Does This One Pope Discredit the Papacy? w/ Erick Ybarra
31st March 2022 | Pints With Aquinas
https://www.youtube.com/watch?v=97b-HbHK-O4
My comments:
9:42 "two Isaiah, five writers of the Pentateuch" ...
According to modern (very flawed) scholarship.
On the topic of the Pentateuch, it holds up in Biblical history. Not identic, but akin to and included in dogma.
10:04 Let's distinguish "infallibility" and "inerrancy".
The Bible is inerrant, but it could lead someone unwary astray, or rather allow someone to twist his understanding of it astray. It's basically for bishops or theologians rather than normal lay men. But the original and at least somewhere preserved version of the text cannot be factually wrong (either dogma or small fact).
The Church is infallible.
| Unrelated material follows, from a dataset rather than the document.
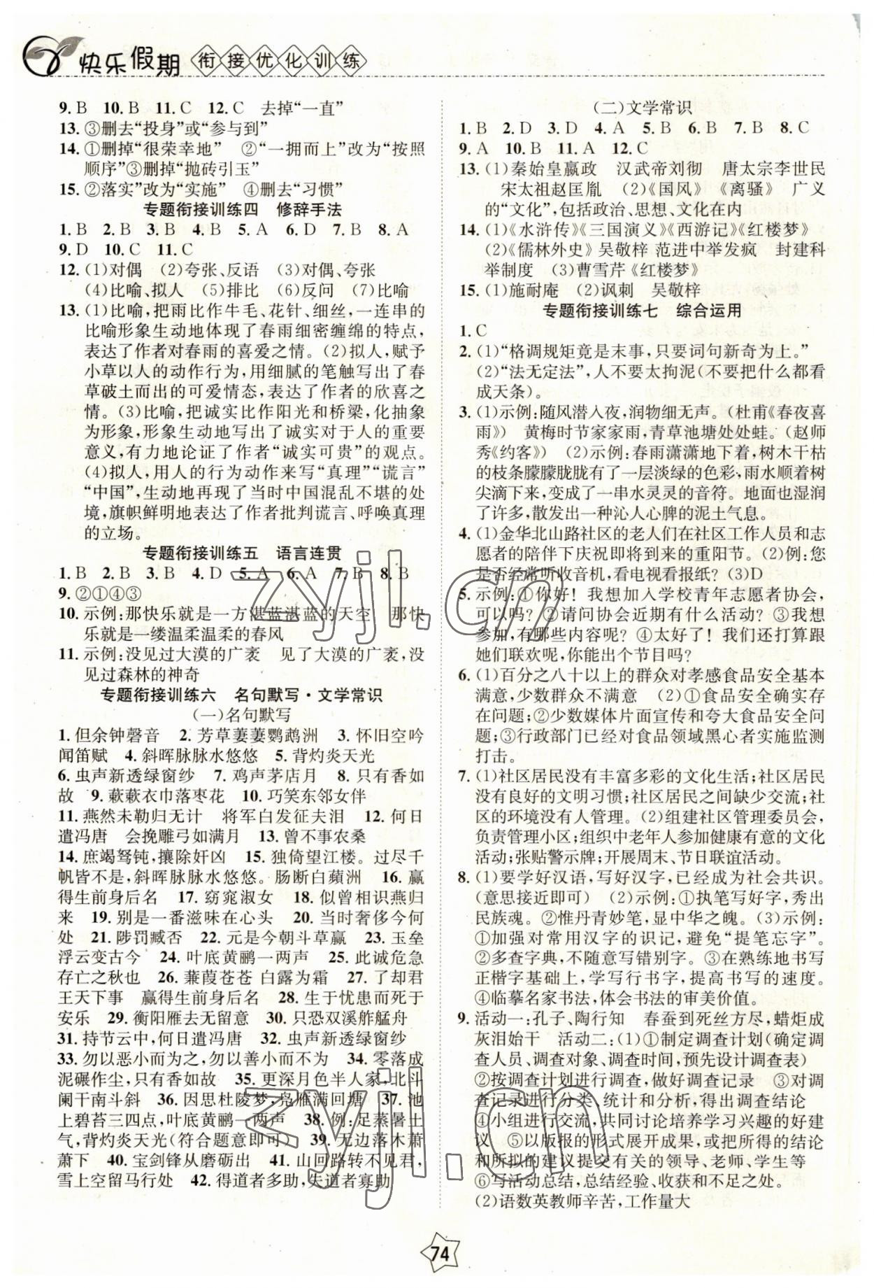 注:目前有些书本章节名称可能整理的还不是很完善,但都是按照顺序排列的,请同学们按照顺序仔细查找。练习册 2023年快乐假期衔接优化训练九年级语文 答案主要是用来给同学们做完题方便对答案用的,请勿直接抄袭。

It could be wrong (in much, but not all of Tradition, as in Fathers) on a fact, as long as the fact did not affect dogma.
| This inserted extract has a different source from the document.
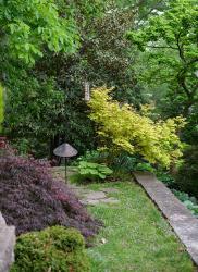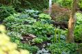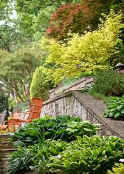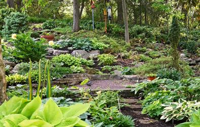 The back yard of their new home, which covered a shady hillside, offered the perfect location to relocate their rooted friends. But it wasn’t easy. The rocky ground made digging a challenge. But rather than discarding the rocks they encountered, Phyllis and Jim saved them and incorporated them into garden beds. Little by little they claimed the ground and added retaining walls and pathway platforms where necessary.

Example : nearly all Fathers after St. Irenaeus (the exceptions being some of his contemporaries and only maybe a Gallican martyrology) identify the Beloved Disciple with one son of Zebedee, one of the twelve. As soon as he was an "apostle" in any sense, it still upholds revelation being completed before the death of the last apostle. If he was a Cohen and one of the 72, that's fine, even if most Church men since St. Irenaeus were factually wrong : because they were not doctrinally wrong.
It's like Aristotle's strongest argument for earth being round is sound as an argument even if wrong as a fact : Magellan providing what "Ganges = Gibraltar" lacked.
What matters is, a Gospel written AD 100 and a Revelation received AD 90 on Patmos were received and written with the competence of one who had known Jesus and the Blessed Virgin - and this is correct even on the thesis of Fr. Jean Colson. So, the Church is infallible, but not factually inerrant. However, if all Church fathers, including Papias and Asia Minor ones, remaining there (unlike St. Irenaeus, who left Asia Minor at 16), had said or shown agreement that the Beloved Disciple were the Son of Zebedee, then probably Church infallibility would have provided inerrancy on the case, even if the Church in principle does not have inerrancy.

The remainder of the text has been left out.